Рарагю - Лоти Пьер. Страница 8
Я пробуду здесь еще несколько дней у начальника, бывшего другом моего брата, пользуясь разрешением адмирала. Недостает только твоего присутствия, чтобы мое пребывание в Таравао было совсем приятным. Окрестности Папеэте не могут дать ни малейшего представления о том, что такое полуостров Таравао. Это мирный, тенистый, восхитительный уголок, поросший гигантскими померанцевыми деревьями, плоды и цветы которых усеивают землю, покрытую мягкой травой и мхом.

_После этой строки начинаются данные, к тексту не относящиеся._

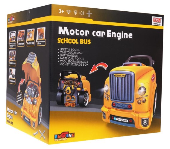 Interaktywna zabawka, przód żółtego autobusu szkolnego z podnoszoną maską oraz deską rozdzielcząprzeznaczony dla dzieci od 3-go roku życia. Komplet zawiera części do złożenia przodu autobusu oraz narzędzia potrzebne w montażu i demontażu części takie jak śrubokręt, czy klucze. Pod maską autobusu znajduje się duży rozkręcany silnik, który dziecko może rozłożyć na czynniki pierwsze. Do wymiany nadają się także świece zapłonowe oraz koła. Na desce rozdzielczej znajduje się przycisk startu pojazdu z odgłosami zapalania silnika, kierownica z klaksonem oraz sygnalizator awaryjny. Pod kierownicą umiejscowiony jest schowek, do którego można włożyć wszystkie niezbędne narzędzia, śruby, pokrętła. Zabawka posiada wygodną rączkę do przenoszenia. Zasilanie bateriami typu 3 x AA 1,5 V (brak w zestawie). Zabawka dla małego mechanika rozwija umiejętności manualne, małą motorykę oraz koordynację oko-ręka.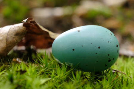 A blue polka dot thrush egg lies on moss in forest. The thrushes sometimes lay their eggs outside the nest.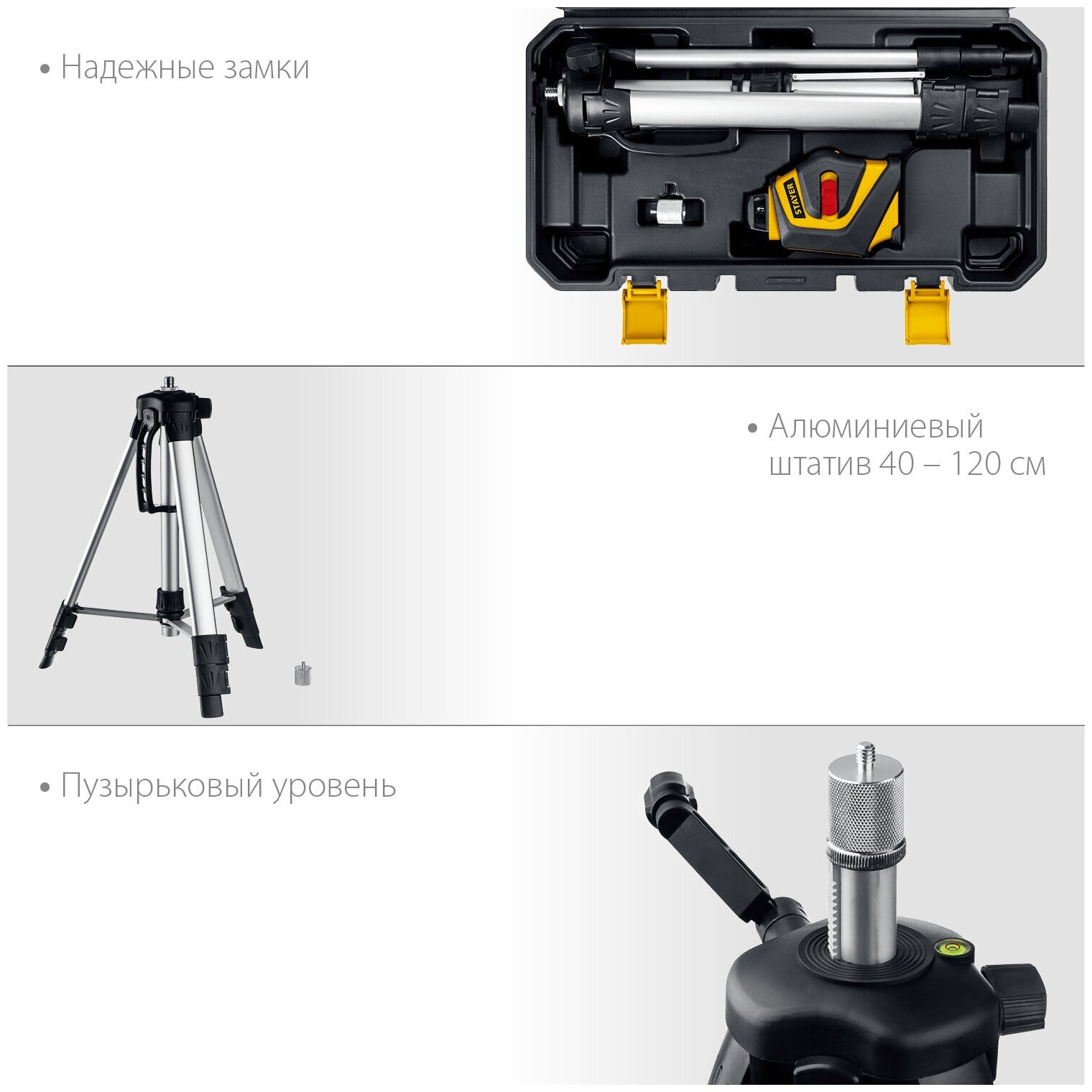 Beam color: red, type: laser, automatic leveling, number of beams: 2 pcs., laser level type: linear, build distance without receiver: 15 m, functions: leveling off, equipment: case/bag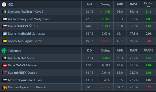 《Dust2》的决胜局十分紧张且势均力敌,但是猎鹰设法控制住他们的勇气。尽管G2的尝试卷土重来并赢得关键的手枪/生态回合,火力强大猎鹰推了过去。摩尼西再次在关键时刻打出高影响力的AWP,瓦解防守并在压力下赢得重要的对决。

Под деревьями разбросаны хижины из лимонного дерева, где по-прежнему живут маори. Они, как всегда, гостеприимны — угощение в тени деревьев, жалобные звуки флейты, hymene, песни и пляски.
Я живу один в хижине, стоящей на сваях в море. Свесив голову с кровати, я вижу, как живет и волнуется подо мною этот особый мир, мир кораллового рифа. Среди белых и розовых причудливо переплетенных ветвей плавают тысячи маленьких рыбок, ярких, как драгоценные камни или колибри, — красных, зеленых, голубых — и еще много других радужных существ, совершенно непохожих на рыб. Днем, в часы сиесты, в минуты размышлений, я невольно любуюсь этим подводным мирком, неизвестным даже натуралистам.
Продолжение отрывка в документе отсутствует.